___ Input

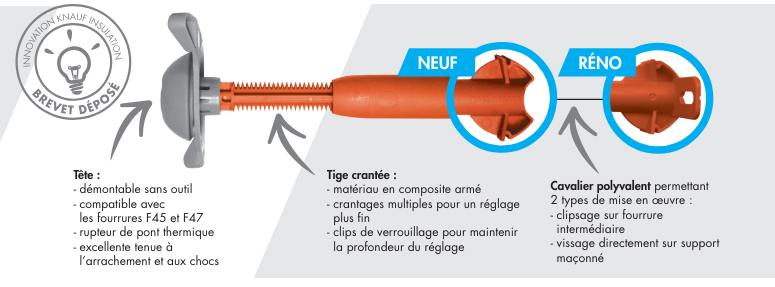 Appui intermédiaire Acoustizap 2 Néo Réno Knauf. Tête démontable, réglage fin. Pour contre-cloison sur ossature métallique. Rupteur de pont thermique et acoustique. Boite de 50 pièces.
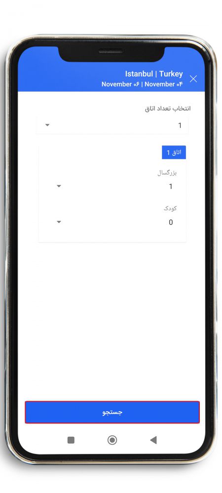 در صفحه جدید تعداد اتاق و تعداد مسافران را بر حسب بزرگسال و کودک ( 0 تا 3 سال) وارد کرده و روی گزینه جستجو کلیک کنید.
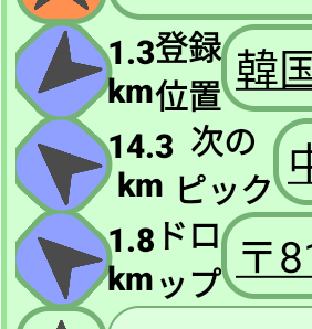 高速事前住所検索で先行して結果が判明し、ナビボタンに方位と距離を表示する時は、少し暗い青色になります。その後、通常の事前住所検索の結果が出たら通常の色になります。
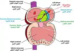 ![]() A labelled diagram of the developing heart, showing the relationship between the septum secundum (by the right atrium) and the septum primum (by the left atrium). | |
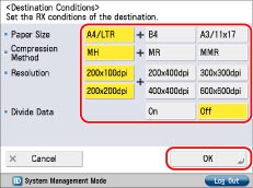 Set the destination conditions according to the specifications of the recipient's machine. If the paper size of the data to send is larger than the paper sizes that can be used with the recipient's device, the image may be clipped or cut off.
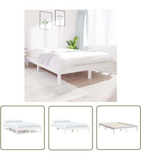 The Living Store - Cadre de lit sans matelas blanc bois massif - Cadre De Lit - Lit Double - Lit Super King - Bois Massif - Bois De Pin
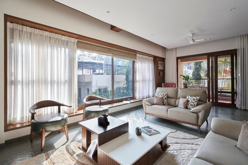 The Ramprasad Bungalow in Pune, designed by Principal Architect Ketan Gadgil & his team at Ketan Gadgil studio, is a space that breathes calm and quiet elegance. The home that spreads across, a 3,500 sq. ft. area at its heart, it is a pursuit of quiet beauty — finding sophistication in simplicity. Every decision reflects the belief that design is not about adding more, but about knowing when to stop — turning constraint into creativity and simplicity into timeless elegance.
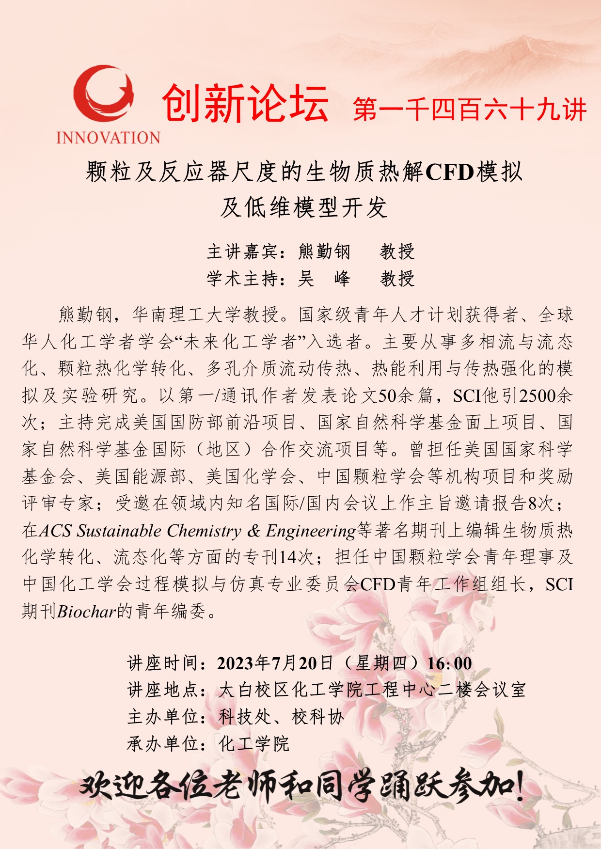 熊勤钢 教授 乐动网页版登录入口创新论坛第一千四百六十九讲:颗粒及反应器尺度的生物质热解CFD模拟 讲座时间 2023年7月20日(星期四)16:00 讲座地点 太白校区化工学院工程中心二楼会议室 讲座人介绍 熊勤钢 教授 讲座内容
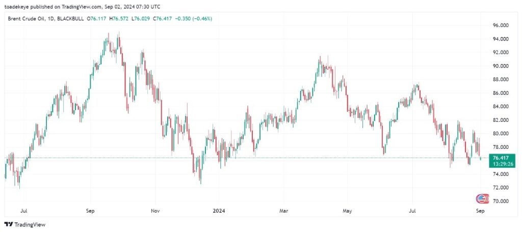Oil prices dropped approximately 2% on Tuesday due to concerns that slower economic growth in the U.S. and China might decrease energy demand. Brent futures fell by 2.3% to settle at $79.55 per barrel, while U.S. West Texas Intermediate (WTI) crude decreased by 2.4% to $75.53. However, indications suggest that the Federal Reserve is likely to adopt a dovish stance at its September policy meeting, which could potentially boost economic growth and increase oil demand.
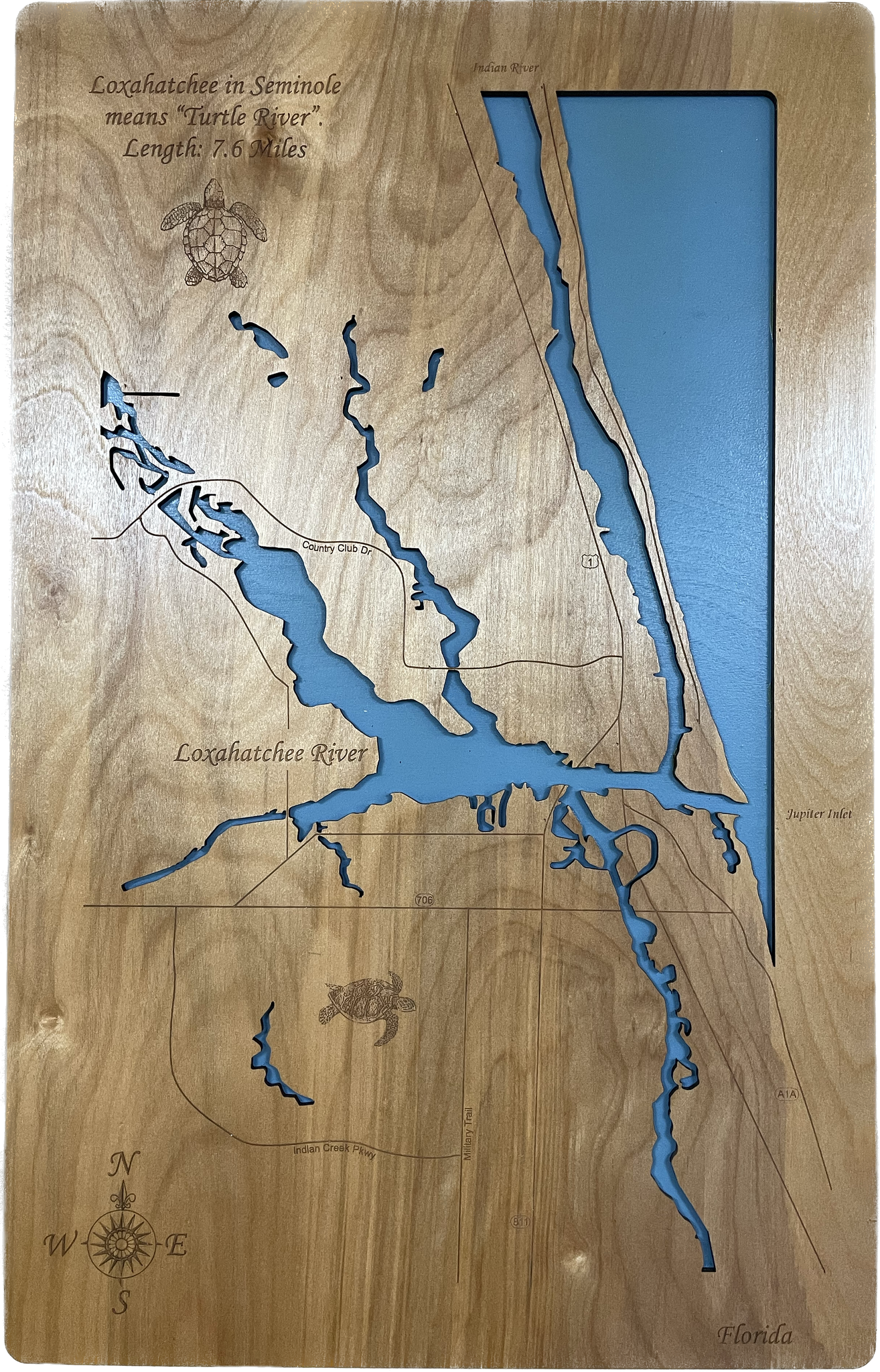 Loxahatchee River - Laser Engraved Wood Map Overflow Sale Special
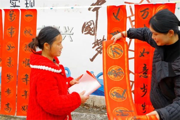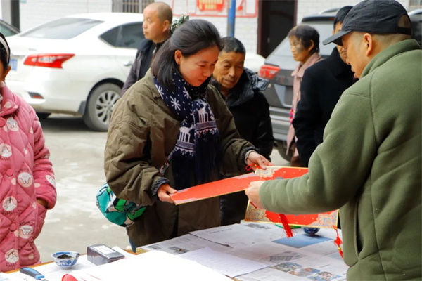 活动现场,村民们络绎不绝,他们或驻足观赏书法家的创作过程,或挑选心仪的春联,脸上洋溢着幸福的笑容。崇源村村民刘阿姨感慨地说:“这样的活动真是太好了,不仅让我们感受到了传统文化的魅力,更让我们在新年前夕收获了一份来自党和政府的温暖。”
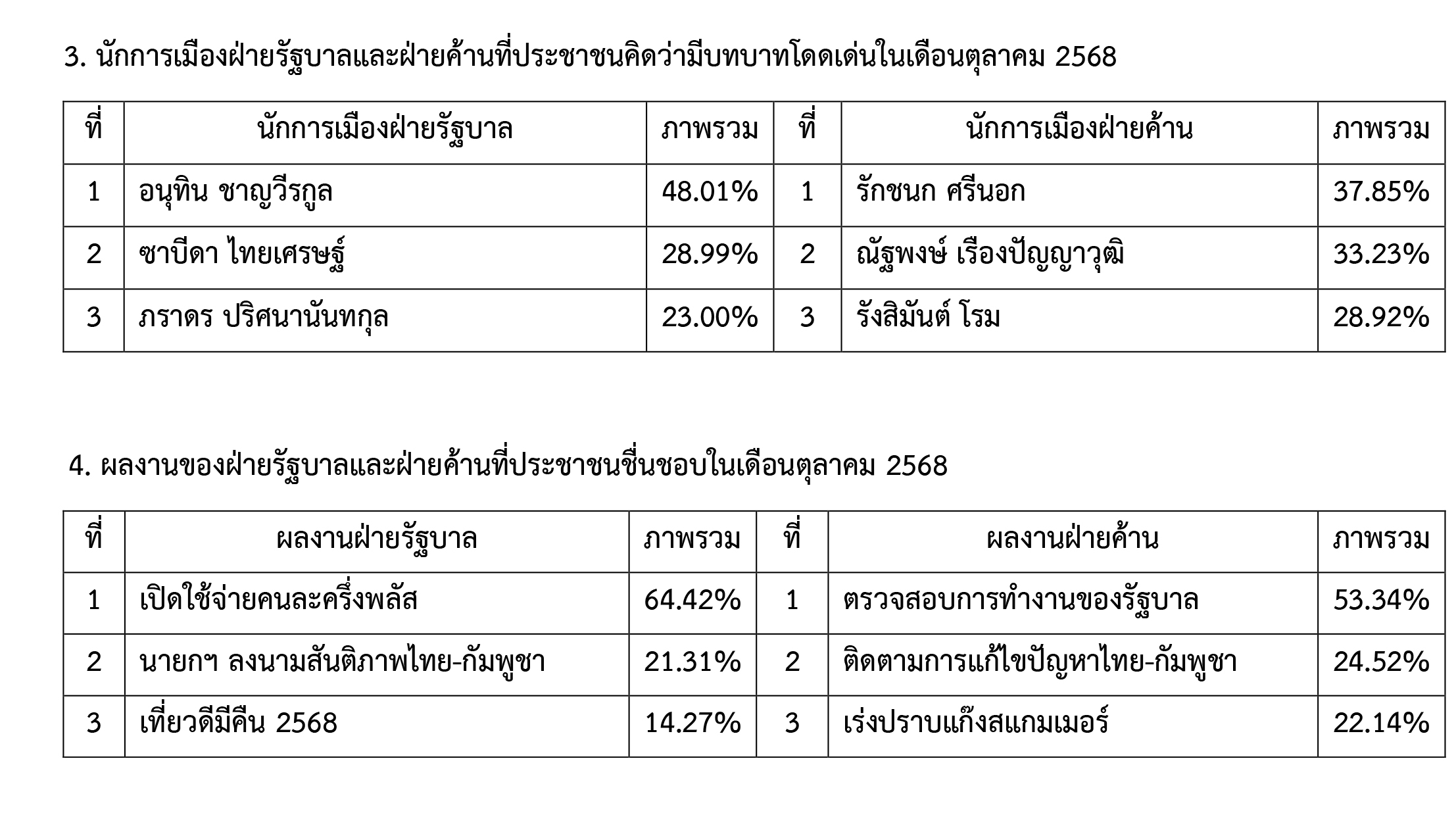 สรุปผลการสำรวจ : “ดัชนีการเมืองไทย เดือนตุลาคม 2568”
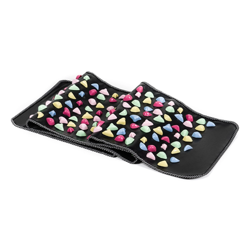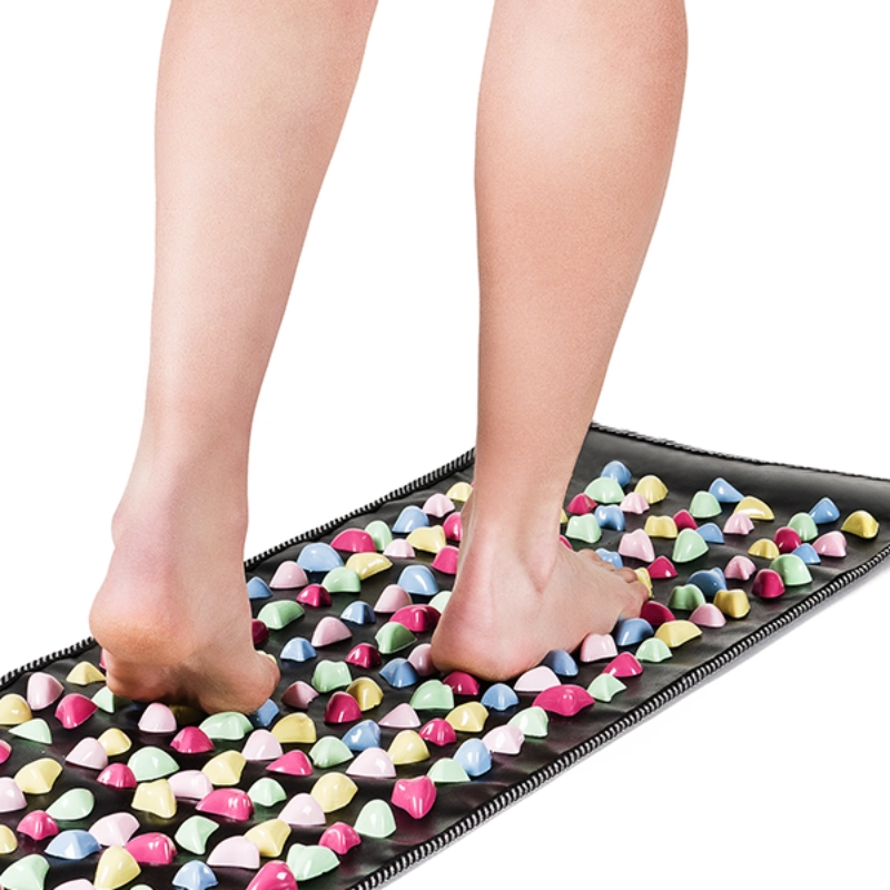 Mata imituje naturalne podłoże, takie jak kamyczki czy szyszki, co aktywuje mięśnie stóp i poprawia ich ukrwienie. Automasaż stóp wpływa korzystnie na pracę narządów wewnętrznych (refleksoterapia) oraz wspomaga utrzymanie prawidłowego wysklepienia łuku stopy, co jest niezwykle ważne w procesie korekcji płaskostopia i koślawości pięt. Produkt jest lekki, łatwy do zwinięcia i przenoszenia – idealny do codziennego użytkowania w domu, biurze lub gabinecie rehabilitacyjnym.

______

(Action item)
Give back an exact reproduction of the entries, with all pictures excluded.

(Your response)
 Appui intermédiaire Acoustizap 2 Néo Réno Knauf. Tête démontable, réglage fin. Pour contre-cloison sur ossature métallique. Rupteur de pont thermique et acoustique. Boite de 50 pièces.
 در صفحه جدید تعداد اتاق و تعداد مسافران را بر حسب بزرگسال و کودک ( 0 تا 3 سال) وارد کرده و روی گزینه جستجو کلیک کنید.
 高速事前住所検索で先行して結果が判明し、ナビボタンに方位と距離を表示する時は、少し暗い青色になります。その後、通常の事前住所検索の結果が出たら通常の色になります。
 ![]() A labelled diagram of the developing heart, showing the relationship between the septum secundum (by the right atrium) and the septum primum (by the left atrium). | |
 Set the destination conditions according to the specifications of the recipient's machine. If the paper size of the data to send is larger than the paper sizes that can be used with the recipient's device, the image may be clipped or cut off.
 The Living Store - Cadre de lit sans matelas blanc bois massif - Cadre De Lit - Lit Double - Lit Super King - Bois Massif - Bois De Pin
 The Ramprasad Bungalow in Pune, designed by Principal Architect Ketan Gadgil & his team at Ketan Gadgil studio, is a space that breathes calm and quiet elegance. The home that spreads across, a 3,500 sq. ft. area at its heart, it is a pursuit of quiet beauty — finding sophistication in simplicity. Every decision reflects the belief that design is not about adding more, but about knowing when to stop — turning constraint into creativity and simplicity into timeless elegance.
 熊勤钢 教授 乐动网页版登录入口创新论坛第一千四百六十九讲:颗粒及反应器尺度的生物质热解CFD模拟 讲座时间 2023年7月20日(星期四)16:00 讲座地点 太白校区化工学院工程中心二楼会议室 讲座人介绍 熊勤钢 教授 讲座内容
Oil prices dropped approximately 2% on Tuesday due to concerns that slower economic growth in the U.S. and China might decrease energy demand. Brent futures fell by 2.3% to settle at $79.55 per barrel, while U.S. West Texas Intermediate (WTI) crude decreased by 2.4% to $75.53. However, indications suggest that the Federal Reserve is likely to adopt a dovish stance at its September policy meeting, which could potentially boost economic growth and increase oil demand.
 Loxahatchee River - Laser Engraved Wood Map Overflow Sale Special
 活动现场,村民们络绎不绝,他们或驻足观赏书法家的创作过程,或挑选心仪的春联,脸上洋溢着幸福的笑容。崇源村村民刘阿姨感慨地说:“这样的活动真是太好了,不仅让我们感受到了传统文化的魅力,更让我们在新年前夕收获了一份来自党和政府的温暖。”
 สรุปผลการสำรวจ : “ดัชนีการเมืองไทย เดือนตุลาคม 2568”
 Mata imituje naturalne podłoże, takie jak kamyczki czy szyszki, co aktywuje mięśnie stóp i poprawia ich ukrwienie. Automasaż stóp wpływa korzystnie na pracę narządów wewnętrznych (refleksoterapia) oraz wspomaga utrzymanie prawidłowego wysklepienia łuku stopy, co jest niezwykle ważne w procesie korekcji płaskostopia i koślawości pięt. Produkt jest lekki, łatwy do zwinięcia i przenoszenia – idealny do codziennego użytkowania w domu, biurze lub gabinecie rehabilitacyjnym.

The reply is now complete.